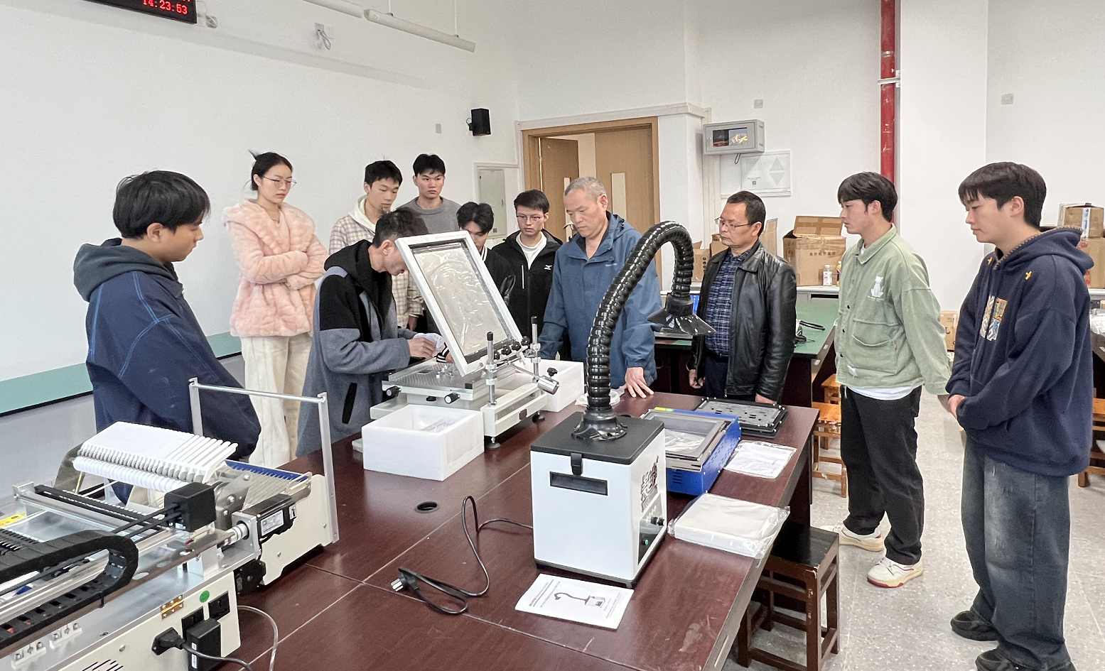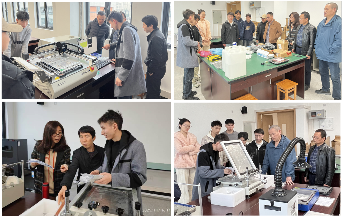 2025年11月17日下午2点,在茶园校区信智楼B410测控创新开发实验室开展了“SMT焊接实验线的操作与维护”专题培训。本次培训由华企正邦自动化科技有限公司的资深工程师主讲,测控与自动化系王荣秀、屈盈飞、肖湘、刘永贵,实验室赵欣、王子康等教师以及部分本科生和研究生共同参与。
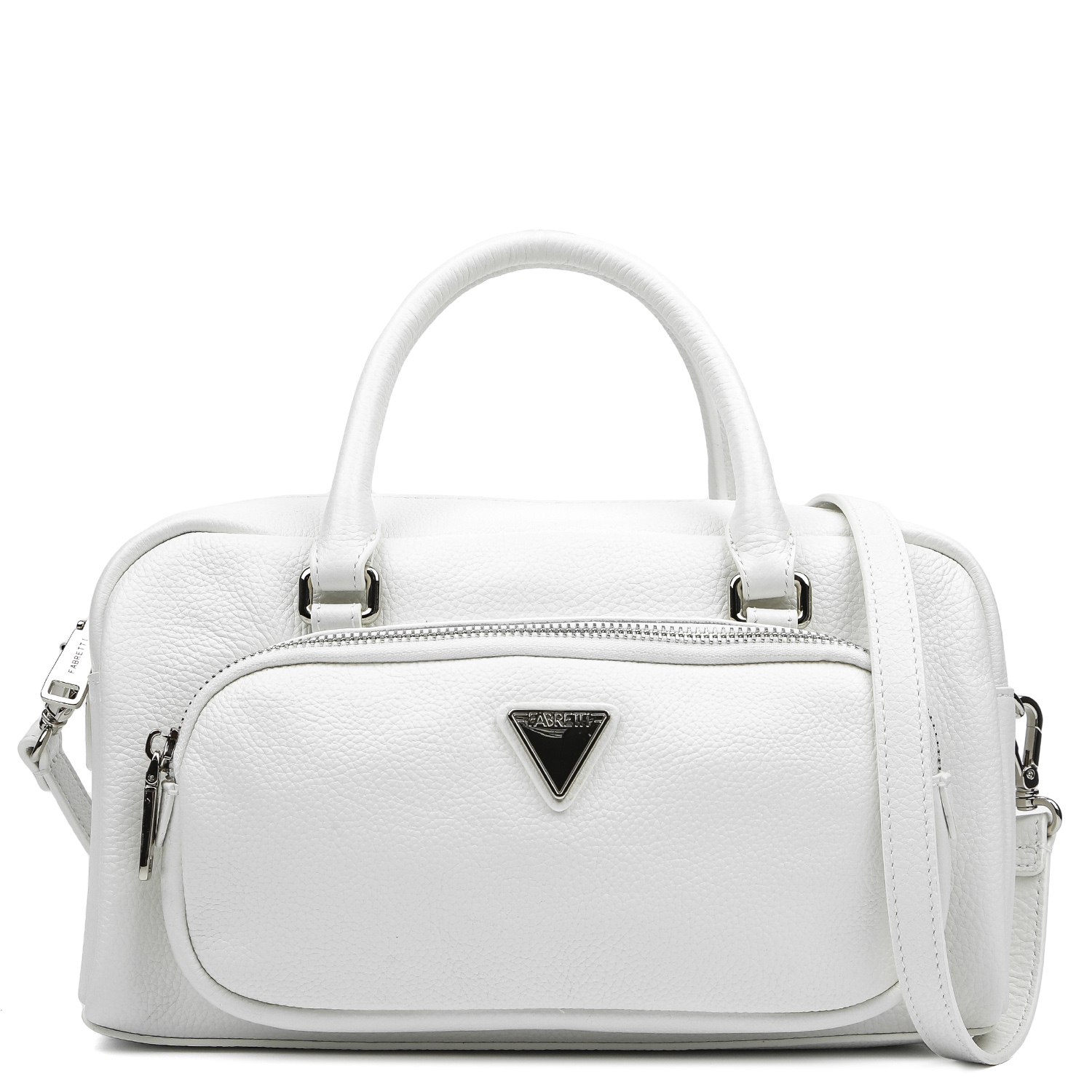 Стильная кросс-боди FABRETTI в белом цвете выполнена из натуральной зернистой кожи. Основное отделение закрывается на полукруглую молнию с металлическим поводком. Внутри 3 кармана для мелочей: 2 открытых и на молнии. На лицевой стороне расположен вместительный накладной карман на молнии. Съемный плечевой ремень регулируется по длине. 2 плотные ручки позволяют носить аксессуар в руке. Цвет фурнитуры - серебро.
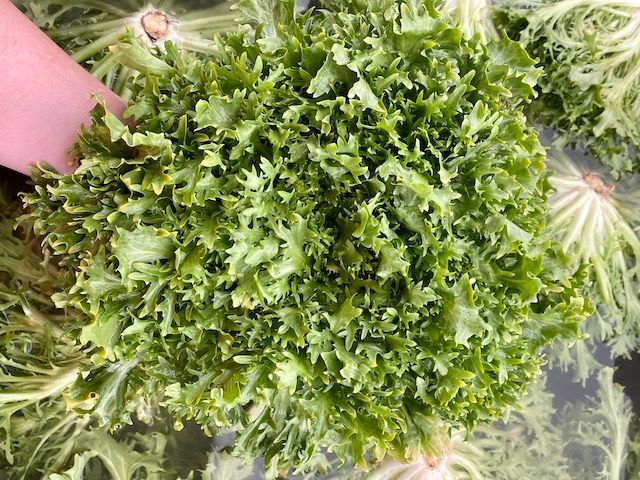 1 head of frisée AKA endive! This chicory has beautiful, creamy, blanched white leaves inside, perfect addition to salads – try it with poached eggs and chopped bacon on top, tossed in a red wine vinaigrette!
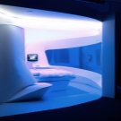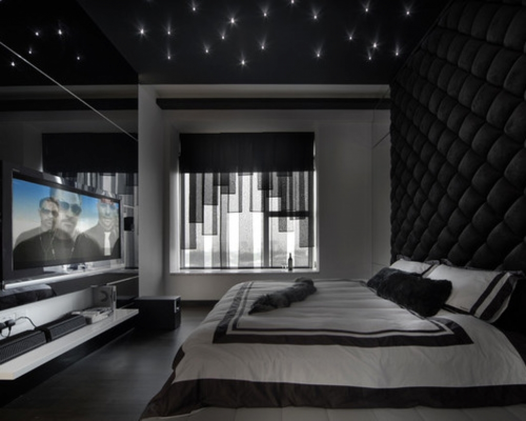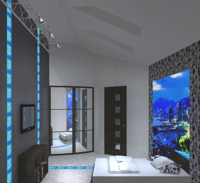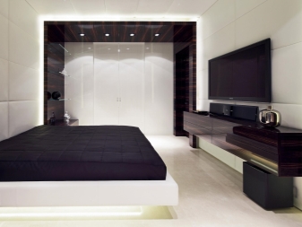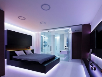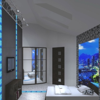 Glatte Linien, geometrische Figuren herrschen vor. Dies ist sowohl in der Gestaltung der Wände, der Decke, des Bodens und in den Möbelstücken lesbar. Abgerundete Formen, Schnörkel und so weiter sind Stilfremd. Vergessen Sie nicht das Hauptmerkmal - High-Tech. Plasma-TV, Neonröhren, modernes Audiosystem in den Wänden des Raumes.
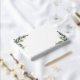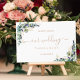 A classic white background, rose gold foil text. Decorated with eucalyptus greenery and lavender florals. Personalise and add your names and the wedding date.
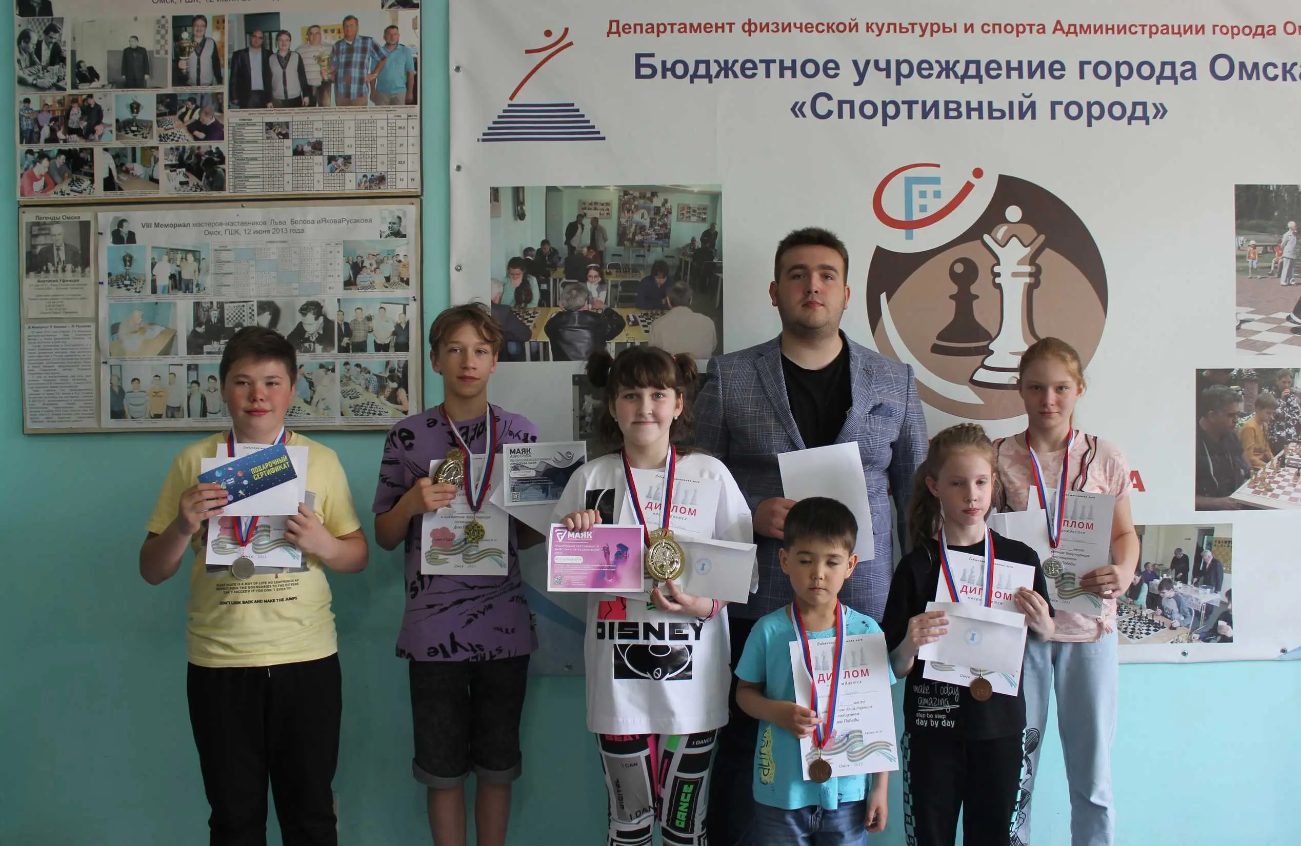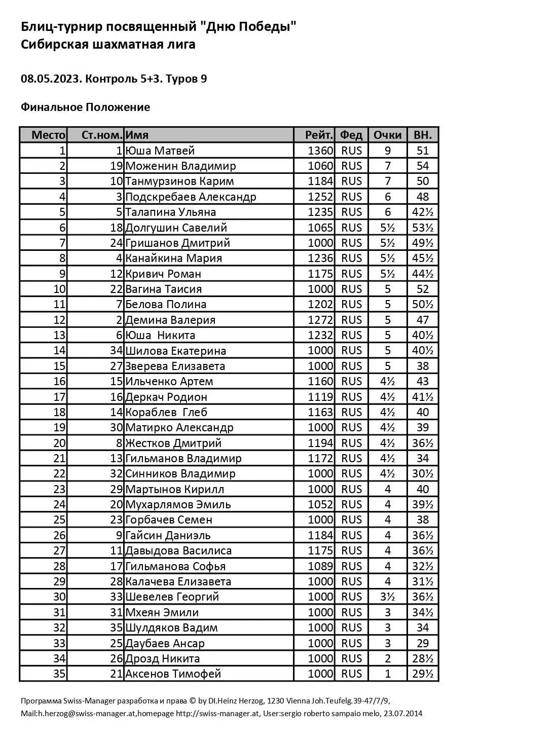 Сибирская шахматная лига провела в ГШК на Дмитриева блиц-турнир для детей, посвященный Дню Победы. Контроль 5+3. Туров 9. Количество участников 35.
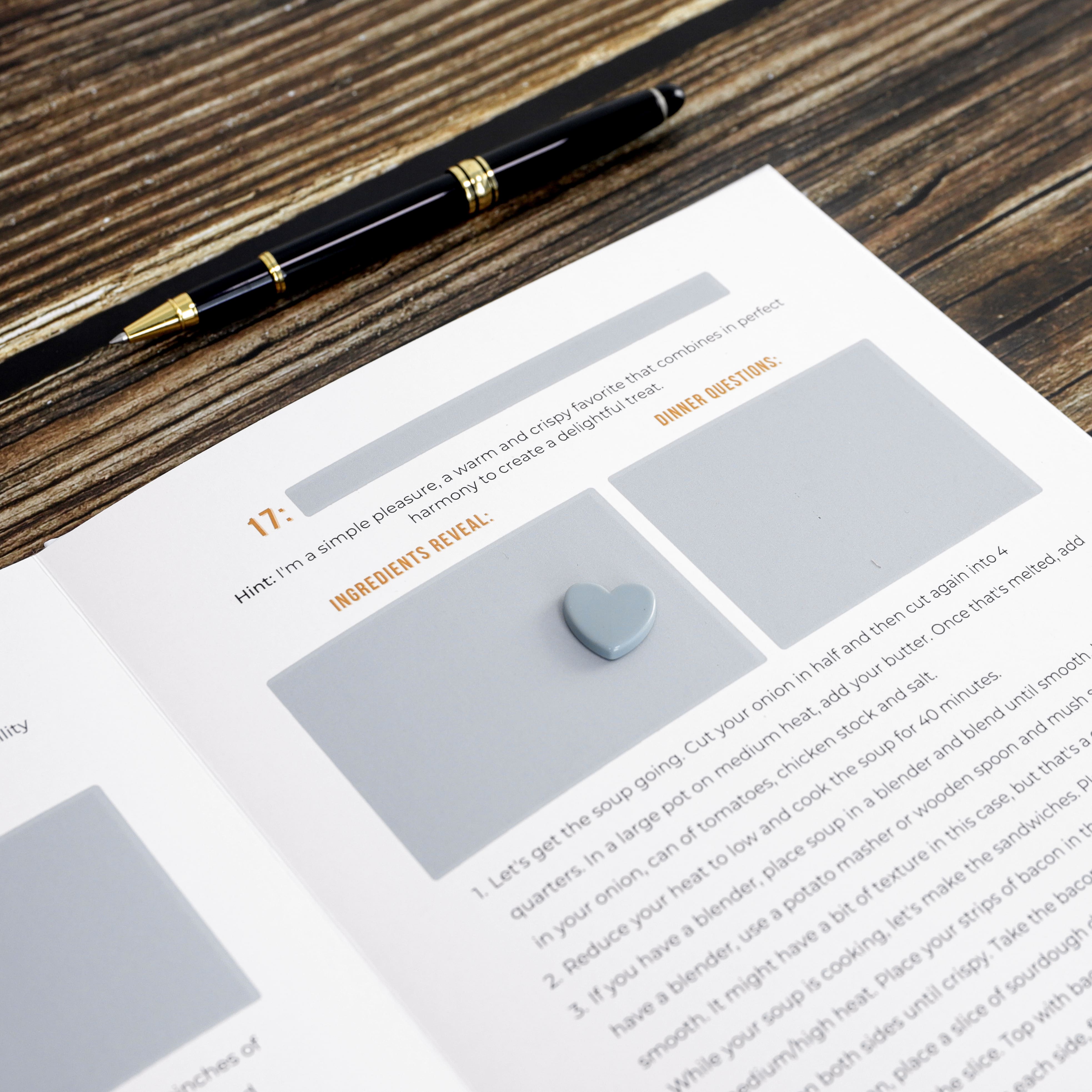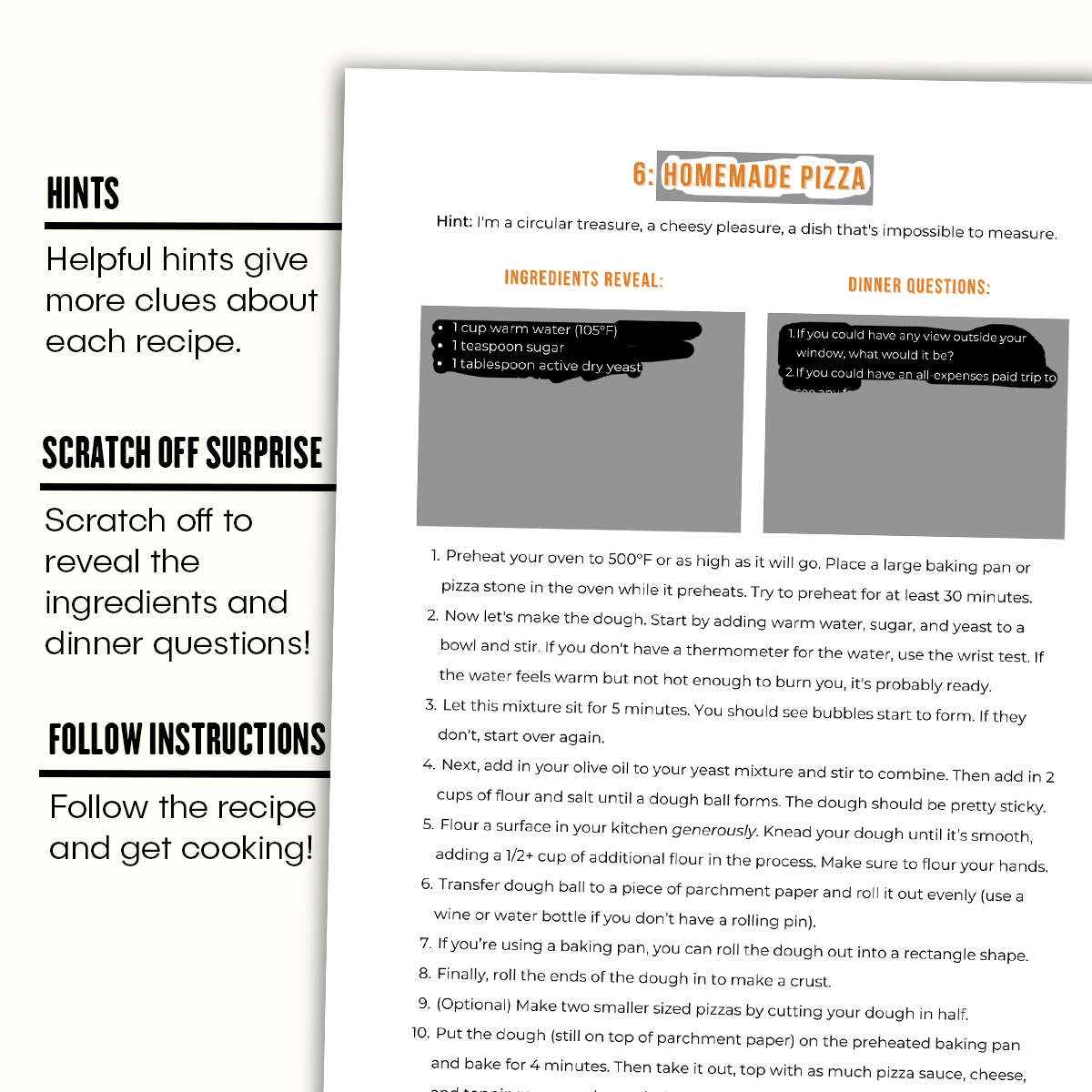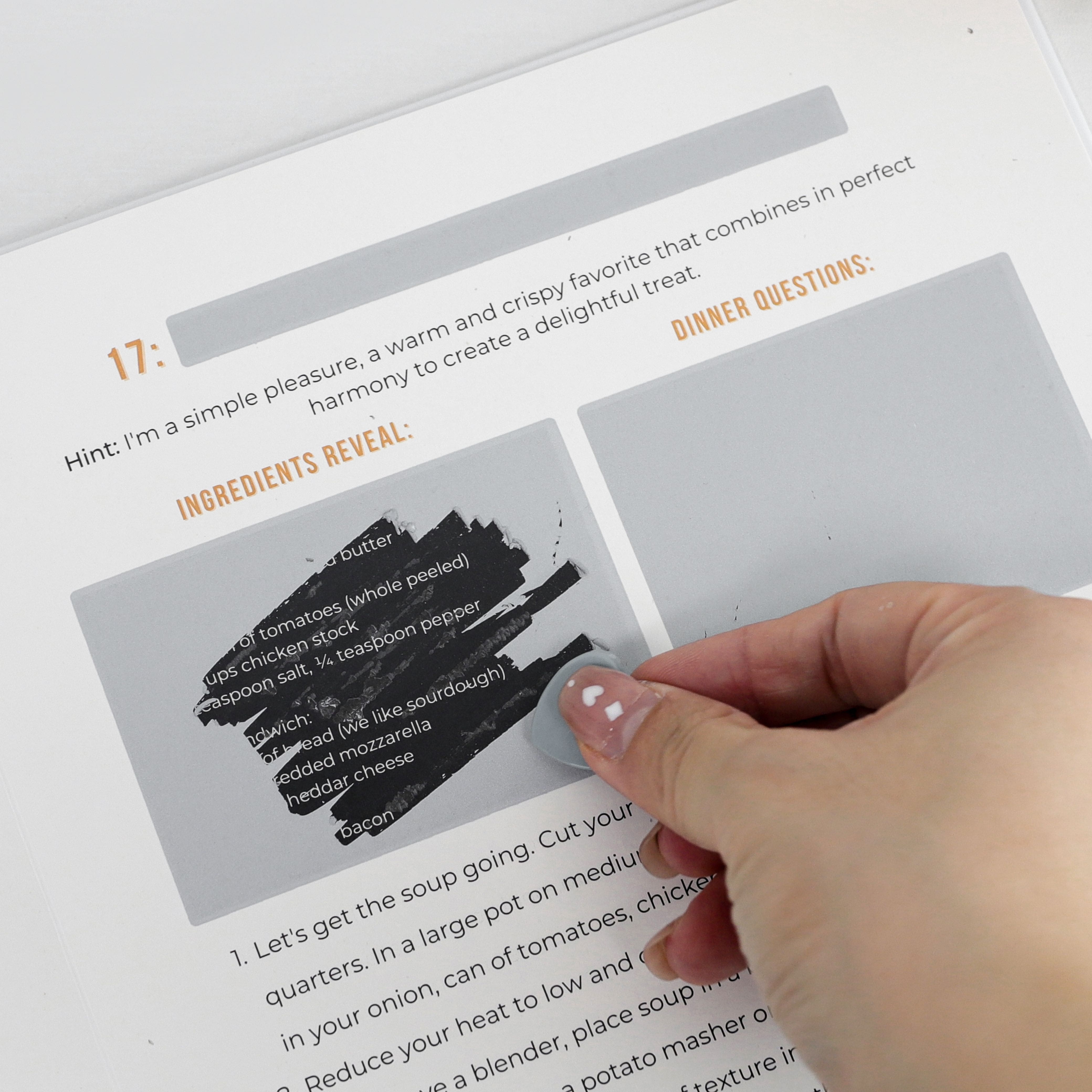 Unlike a normal cookbook, the ingredients in our cookbooks are hidden by scratch-off material like you'd find on a lottery ticket. So it's always a surprise of what you're going to make!

• • •

## Instructions for the task
For this exercise, retype exactly, and only, the lines from the line with "1 head of frisée" through the last line of the material above, both included. Pictures stay out.

## Answer area
 1 head of frisée AKA endive! This chicory has beautiful, creamy, blanched white leaves inside, perfect addition to salads – try it with poached eggs and chopped bacon on top, tossed in a red wine vinaigrette!
 Glatte Linien, geometrische Figuren herrschen vor. Dies ist sowohl in der Gestaltung der Wände, der Decke, des Bodens und in den Möbelstücken lesbar. Abgerundete Formen, Schnörkel und so weiter sind Stilfremd. Vergessen Sie nicht das Hauptmerkmal - High-Tech. Plasma-TV, Neonröhren, modernes Audiosystem in den Wänden des Raumes.
 A classic white background, rose gold foil text. Decorated with eucalyptus greenery and lavender florals. Personalise and add your names and the wedding date.
 Сибирская шахматная лига провела в ГШК на Дмитриева блиц-турнир для детей, посвященный Дню Победы. Контроль 5+3. Туров 9. Количество участников 35.
 Unlike a normal cookbook, the ingredients in our cookbooks are hidden by scratch-off material like you'd find on a lottery ticket. So it's always a surprise of what you're going to make!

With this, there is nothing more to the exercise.